A Biblical Understanding of Elders

Who Were Elders in the Old Testament?

The word translated “elder” is of Jewish origin. The primary Hebrew word for elder, zaqen, is simply a general reference to an aged man. For example, this term was used in Numbers 11:16 and Deuteronomy 27:1, of the seventy tribal leaders who assisted Moses. In these passages, the word “elder” refers to a special category of aged men who were set apart for leadership—much like a senate—in Israel. Deuteronomy 1:9-18 indicates that elders were charged with the responsibility of judging the people on civil matters. Elders were also used by Moses to communicate to the people (Exodus 19:7; Deuteronomy 31:9) and to administer the law of God. The elders would also lead in the observation of the Passover (Exodus 12:21) and perhaps other elements of worship. Later, the elders of Israel were specifically involved in the leadership of cities (1 Samuel 11:3; 16:4; and 30:26). Still, their function was decision-making—applying wisdom to the lives of the people in resolving conflicts, giving direction, and generally overseeing the details of an orderly society of God’s people. The Old Testament refers to this group of men as elders of Israel (1 Samuel 4:3); elders of the land (1 Kings 20:7); elders of Judah (2 Kings 23:1); elders…of each city (Ezra 10:14); and elders of the congregation (Judges 21:16). They served in the capacity of local magistrates and as governors over the tribes (Deuteronomy 16:18; 19:12; 31:28). Another Hebrew word for elder is sab and indicates maturity in years (“gray-headed”), a simple reference to a man who is older. This word is used only five times in the Old Testament and is only found in the book of Ezra. Its usage in Ezra is focused on the group of mature Jewish leaders in charge of rebuilding the Temple after the Exile.
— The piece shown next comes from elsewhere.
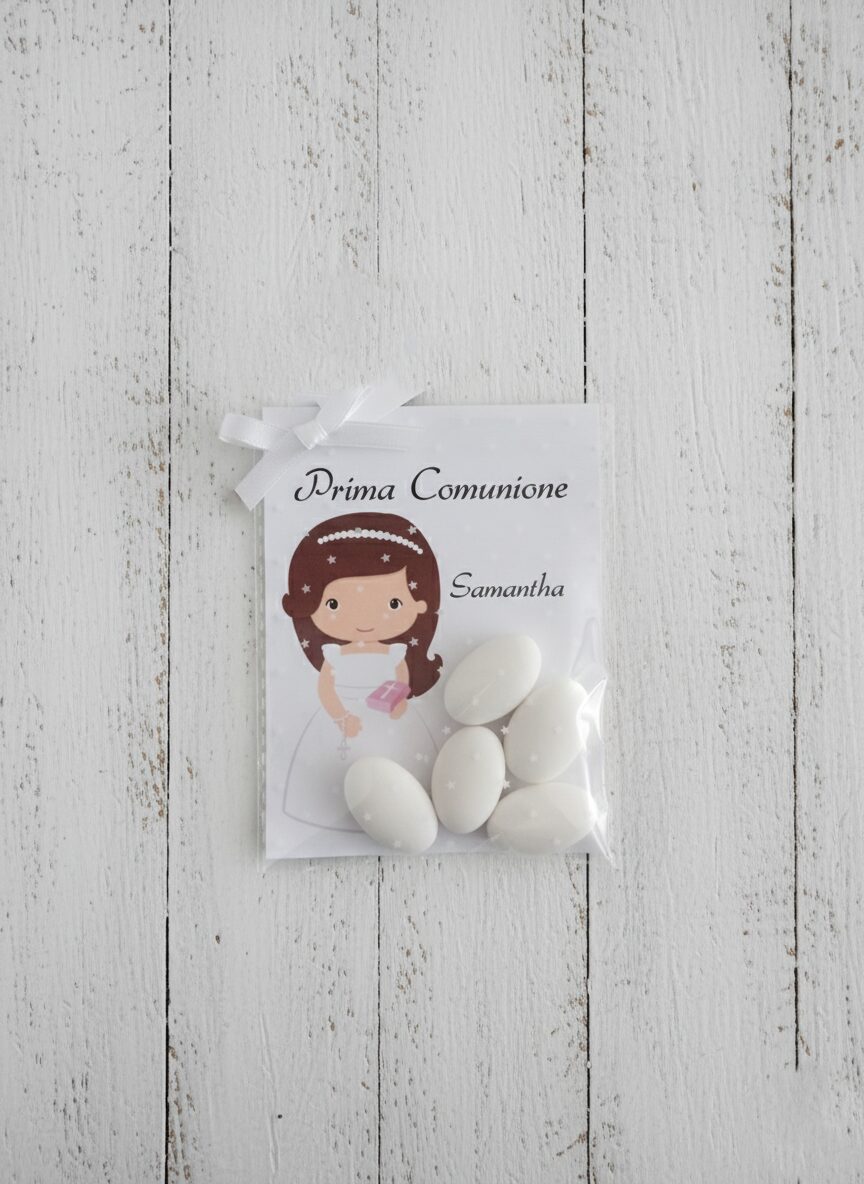 Confezionato in bustina trasparente con stelline, 5 confetti bianchi al cioccolato. Fiocchetto in doppio raso.

How are Elders Described in the New Testament?

The Greek word for elder, presbuteros, is used about seventy times in the New Testament. Like zaqen and sab, our English word “elder” (presbuteros) is a reference to maturity. For example, in Acts 2:17, Peter quotes Joel 2:28: And your old men shall dream dreams. The Hebrew word used for old men in Joel is zaqen, and the Greek word used in Acts is presbuteros. Therefore, the use of the term elder does not constitute an official title or office; it simply means “an older man.”
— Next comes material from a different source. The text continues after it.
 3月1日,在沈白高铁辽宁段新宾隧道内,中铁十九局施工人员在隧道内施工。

In I Timothy 5:2, the feminine form of presbuteros is used to refer to older women. The term creates a simple distinction between older women with younger women:

“[Appeal to] the older women as mothers, and the younger women as sisters, in all purity.”

In context, the term again signifies only mature age, not an office in the church. First Peter 5:5 contains a similar usage:

“You younger men, likewise, be subject to your elders.”

In this passage, as in 1 Timothy 5:2, the word is used to contrast between age and youth. In such a context, presbuteros is generally understood to mean only “an older person” and not necessarily an officeholder of any kind.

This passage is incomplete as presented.